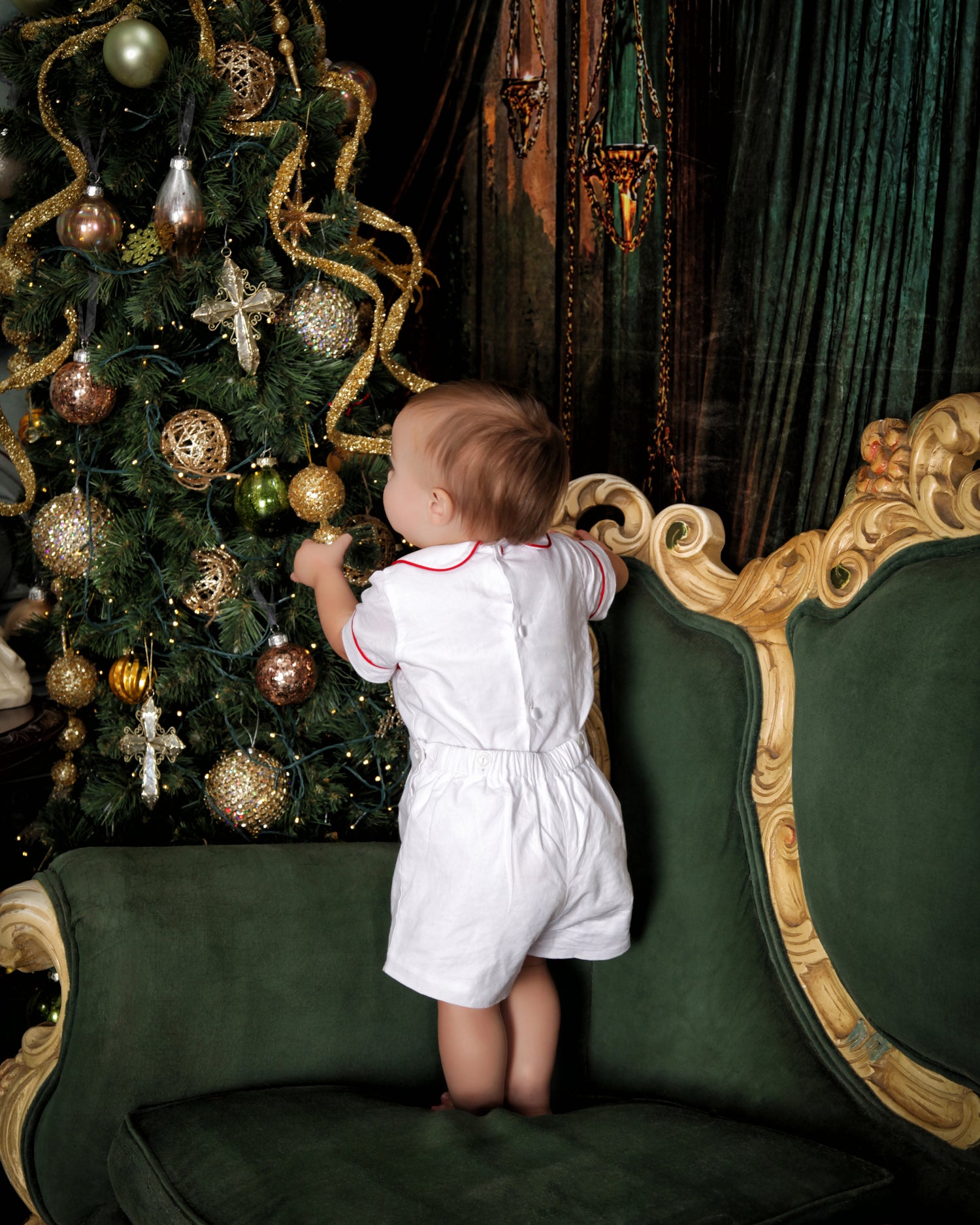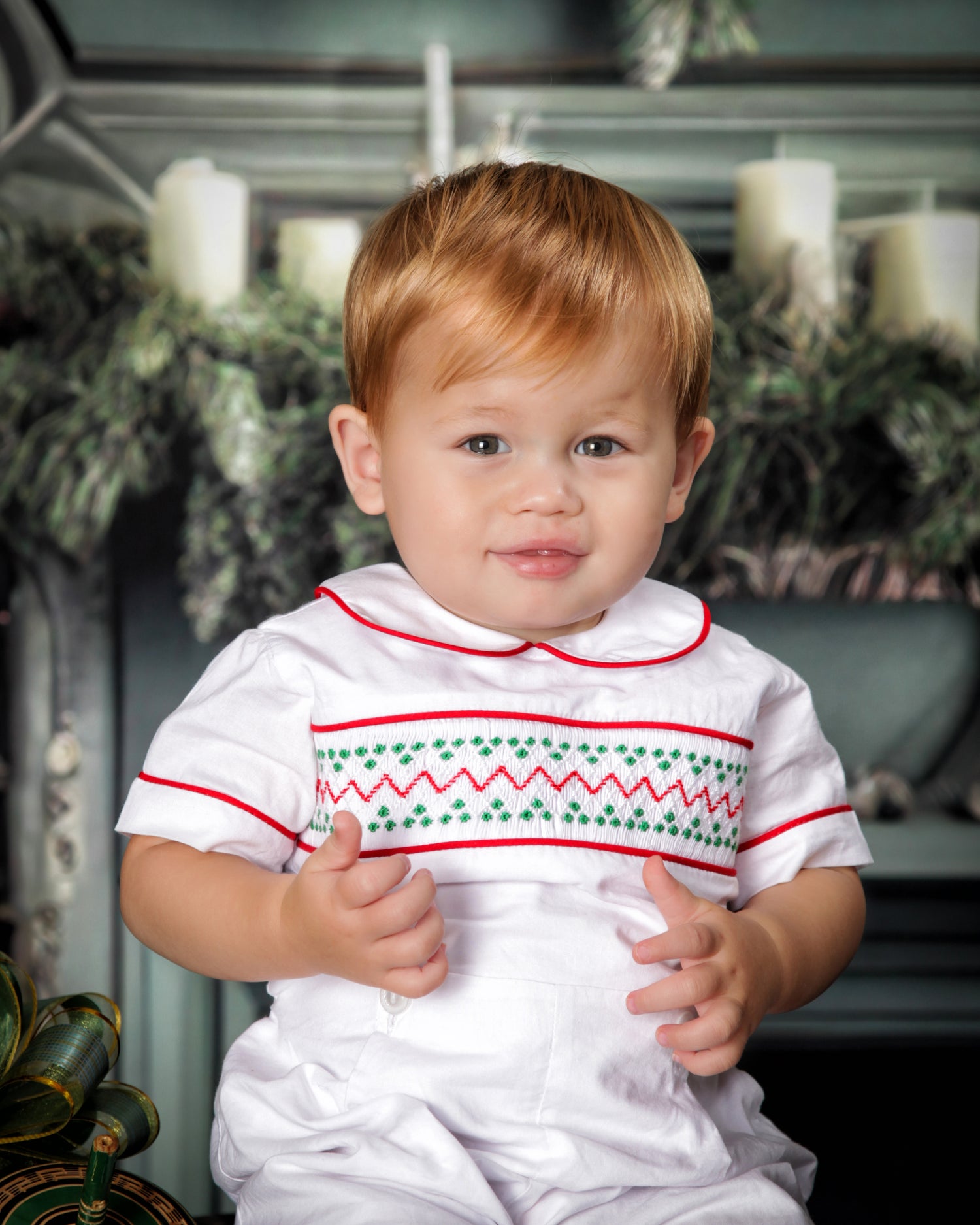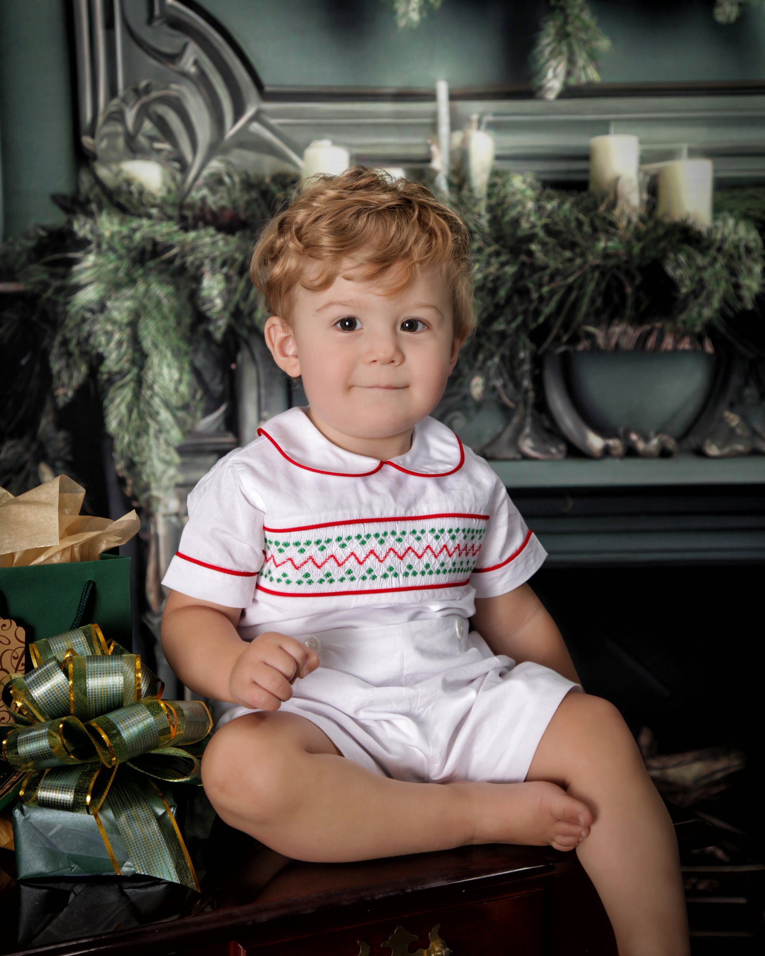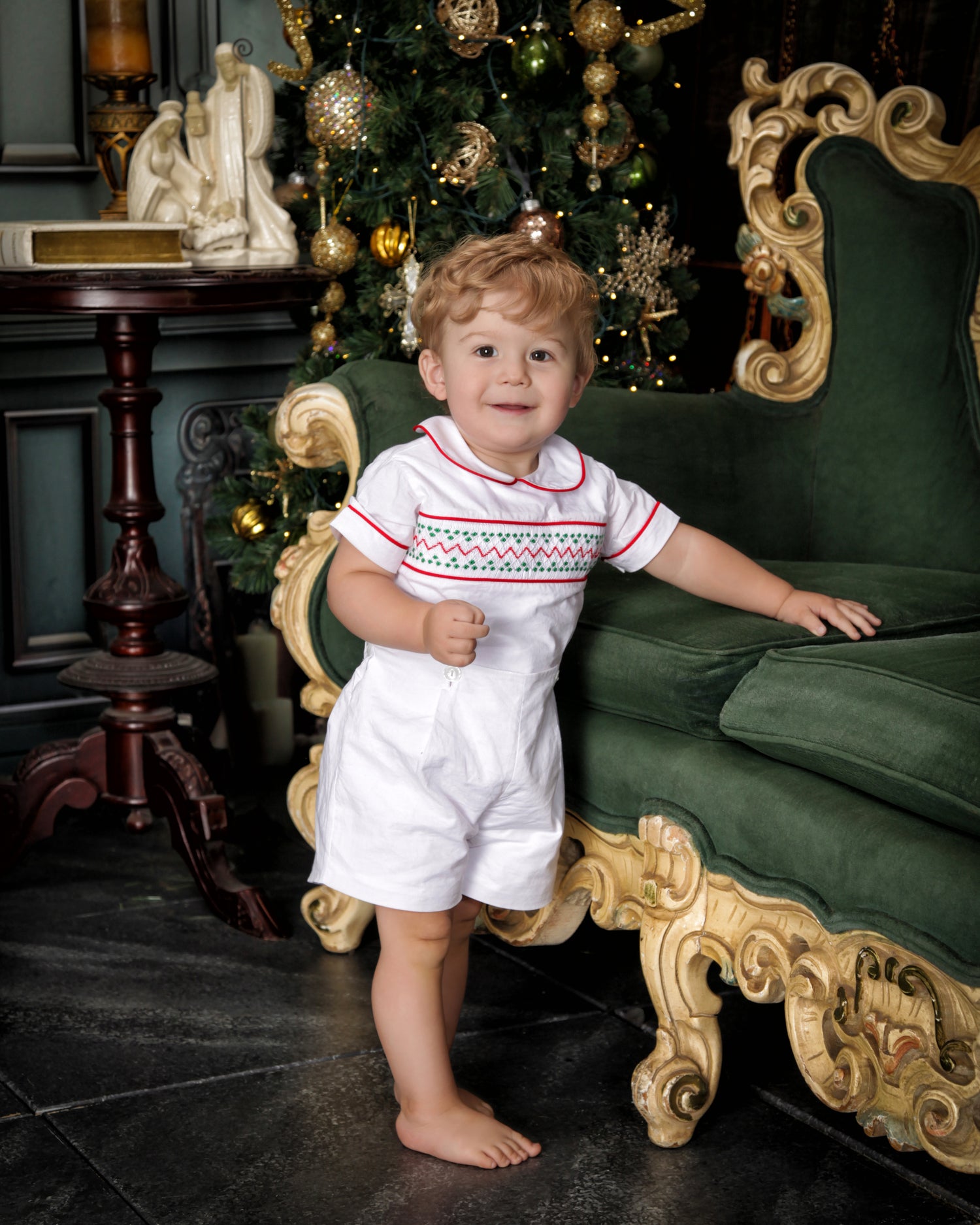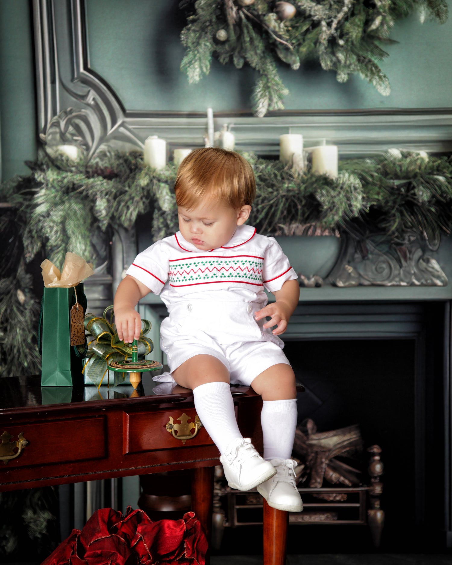 The charm of white on little ones for Christmas just got a bit sweeter with handcrafted smocking and embroidery added to our new boy’s button-on set. In soft 100% cotton with full lining, this set includes a short sleeve shirt with festive red, white, and green accents that attaches with fabric-covered buttons to the shorts in the front and back. The shirt buttons in the back with fabric-covered buttons as well. A charming addition to our collection, your little guy can coordinate with Ivy and Franny dresses for holiday portraits and celebrations.
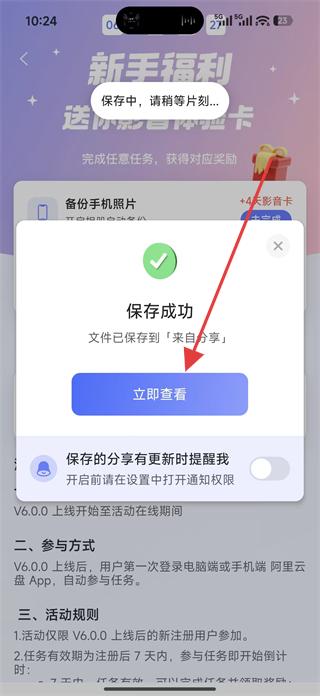 1、當文件保存成功后,點擊立即查看按鈕,即可查看已保存到來自分享的文件,以便確認文件保存情況。
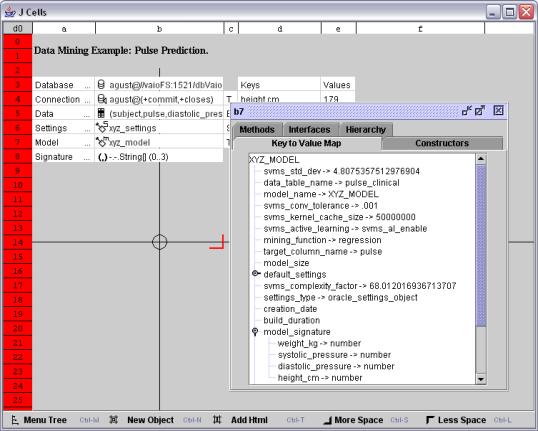 因此,来看一个在该系统中编写的小数据挖掘模型,该模型可通过访问 Oracle 数据库创建并运行 ODM (Oracle Data Mining) 回归模型。该回归模型的用途是根据输入(例如血压、高度和体重)预测心率。使用 J Cells 可直接访问 Java API 以实例化对象并在对象上调用方法。首先,连接至 Oracle 数据库。DataSource 对象可通过将以下公式
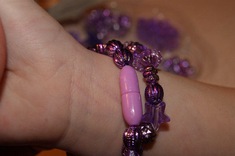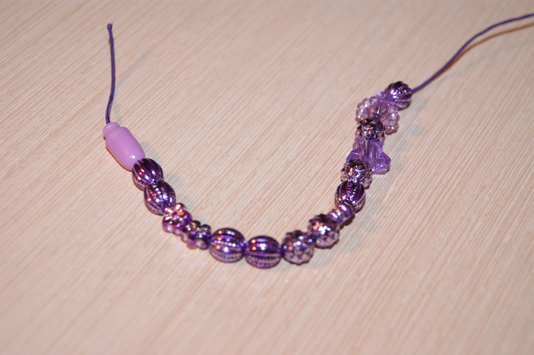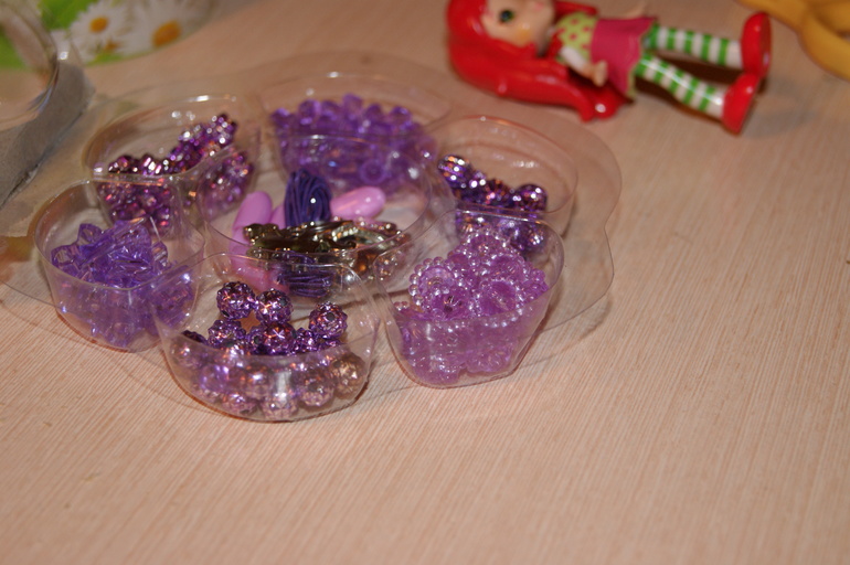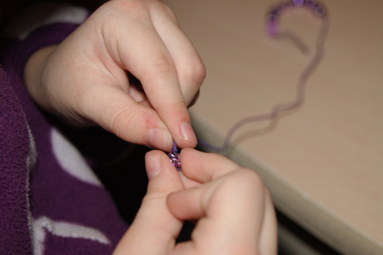 Дочка с удовольствием весь вечер собирала бусины на резиночку.Смастерила браслет и бусы с подвеской.
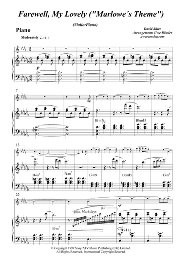 Piano Quintet,String Ensemble Cello,Double Bass,Piano,Violin - Level 4 - Digital Download SKU: A0.1090896 Composed by David L Shire. Arranged by Uwe Roessler Rössler Rassler. 20th Century,Film/TV,Jazz,Standards. Score and parts. 12 pages. Uwe Roessler #695036. Published by Uwe Roessler (A0.1090896). The opening title of the soundtrack from the movie ”Farewell, My Lovely” (1975), with the great Robert Mitchum. Aka “Marlowe´s Theme”. As Leif “Smoke Rings” Anderson said about this piece: “It tells a sadly story about a lonely man walking away in the night, going nowhere.” The relaxed tempo makes it an ideal piece for after-hours. And the jazzy chords are just marvellous! Piano voice is written out - with additional chord symbols for your own voicings. As for the title, the name of the piece: I am not entirely sure, whether “Marlowe´s Theme” is correct. The music of the opening scene has no name, as far as I´ve been able to determine, and on Davis Shire´s own piano solo version there´s a combination of this piece with “Marlowe´s Theme”. But, there you go … . It´s fantastic music, anyway. This very effective arrangement follows the form of the original soundtrack (hence the youtube link). Original key (Bb minor). The form is: Piano intro (with the original piano pattern), theme in violin, cello plays half the theme, joined by tutti, piano plays half the theme as outro. Duration: approx 02.10 min. For Piano Trio / Quartet / Quintet. Minimal instrumentation: violin1, cello, piano. Optional voices for violin2, and bass included. Professional sheet material. Comes with full score, and complete individual parts. Level: intermediate/advanced. I´ve listed quite a lot of songs, so far: Movie Themes and classic Pop songs for this kind of instrumentation, and others. Browse ;-) Have fun with my arrangements! This product was created by a member of ArrangeMe, Hal Leonard's global self-publishing community of independent composers, arrangers, and songwriters. ArrangeMe allows for the publication of unique arrangements of popular titles and original compositions from a variety of voices and backgrounds. The length, difficulty, and retail pricing are determined solely by the discretion of the person who arranged or composed it. About Digital Downloads Digital Downloads are downloadable sheet music files that can be viewed directly on your computer, tablet or mobile device. Once you download your digital sheet music, you can view and print it at home, school, or anywhere you want to make music, and you don’t have to be connected to the internet. Just purchase, download and play! PLEASE NOTE: Your Digital Download will have a watermark at the bottom of each page that will include your name, purchase date and number of copies purchased. You are only authorized to print the number of copies that you have purchased. You may not digitally distribute or print more copies than purchased for use (i.e., you may not print or digitally distribute individual copies to friends or students).

__________

The complete listing must be transcribed verbatim, and all pictures are to be omitted.

ANSWER FOR THE TASK »
 The charm of white on little ones for Christmas just got a bit sweeter with handcrafted smocking and embroidery added to our new boy’s button-on set. In soft 100% cotton with full lining, this set includes a short sleeve shirt with festive red, white, and green accents that attaches with fabric-covered buttons to the shorts in the front and back. The shirt buttons in the back with fabric-covered buttons as well. A charming addition to our collection, your little guy can coordinate with Ivy and Franny dresses for holiday portraits and celebrations.
 1、當文件保存成功后,點擊立即查看按鈕,即可查看已保存到來自分享的文件,以便確認文件保存情況。
 因此,来看一个在该系统中编写的小数据挖掘模型,该模型可通过访问 Oracle 数据库创建并运行 ODM (Oracle Data Mining) 回归模型。该回归模型的用途是根据输入(例如血压、高度和体重)预测心率。使用 J Cells 可直接访问 Java API 以实例化对象并在对象上调用方法。首先,连接至 Oracle 数据库。DataSource 对象可通过将以下公式
 Дочка с удовольствием весь вечер собирала бусины на резиночку.Смастерила браслет и бусы с подвеской.
 Piano Quintet,String Ensemble Cello,Double Bass,Piano,Violin - Level 4 - Digital Download SKU: A0.1090896 Composed by David L Shire. Arranged by Uwe Roessler Rössler Rassler. 20th Century,Film/TV,Jazz,Standards. Score and parts. 12 pages. Uwe Roessler #695036. Published by Uwe Roessler (A0.1090896). The opening title of the soundtrack from the movie ”Farewell, My Lovely” (1975), with the great Robert Mitchum. Aka “Marlowe´s Theme”. As Leif “Smoke Rings” Anderson said about this piece: “It tells a sadly story about a lonely man walking away in the night, going nowhere.” The relaxed tempo makes it an ideal piece for after-hours. And the jazzy chords are just marvellous! Piano voice is written out - with additional chord symbols for your own voicings. As for the title, the name of the piece: I am not entirely sure, whether “Marlowe´s Theme” is correct. The music of the opening scene has no name, as far as I´ve been able to determine, and on Davis Shire´s own piano solo version there´s a combination of this piece with “Marlowe´s Theme”. But, there you go … . It´s fantastic music, anyway. This very effective arrangement follows the form of the original soundtrack (hence the youtube link). Original key (Bb minor). The form is: Piano intro (with the original piano pattern), theme in violin, cello plays half the theme, joined by tutti, piano plays half the theme as outro. Duration: approx 02.10 min. For Piano Trio / Quartet / Quintet. Minimal instrumentation: violin1, cello, piano. Optional voices for violin2, and bass included. Professional sheet material. Comes with full score, and complete individual parts. Level: intermediate/advanced. I´ve listed quite a lot of songs, so far: Movie Themes and classic Pop songs for this kind of instrumentation, and others. Browse ;-) Have fun with my arrangements! This product was created by a member of ArrangeMe, Hal Leonard's global self-publishing community of independent composers, arrangers, and songwriters. ArrangeMe allows for the publication of unique arrangements of popular titles and original compositions from a variety of voices and backgrounds. The length, difficulty, and retail pricing are determined solely by the discretion of the person who arranged or composed it. About Digital Downloads Digital Downloads are downloadable sheet music files that can be viewed directly on your computer, tablet or mobile device. Once you download your digital sheet music, you can view and print it at home, school, or anywhere you want to make music, and you don’t have to be connected to the internet. Just purchase, download and play! PLEASE NOTE: Your Digital Download will have a watermark at the bottom of each page that will include your name, purchase date and number of copies purchased. You are only authorized to print the number of copies that you have purchased. You may not digitally distribute or print more copies than purchased for use (i.e., you may not print or digitally distribute individual copies to friends or students).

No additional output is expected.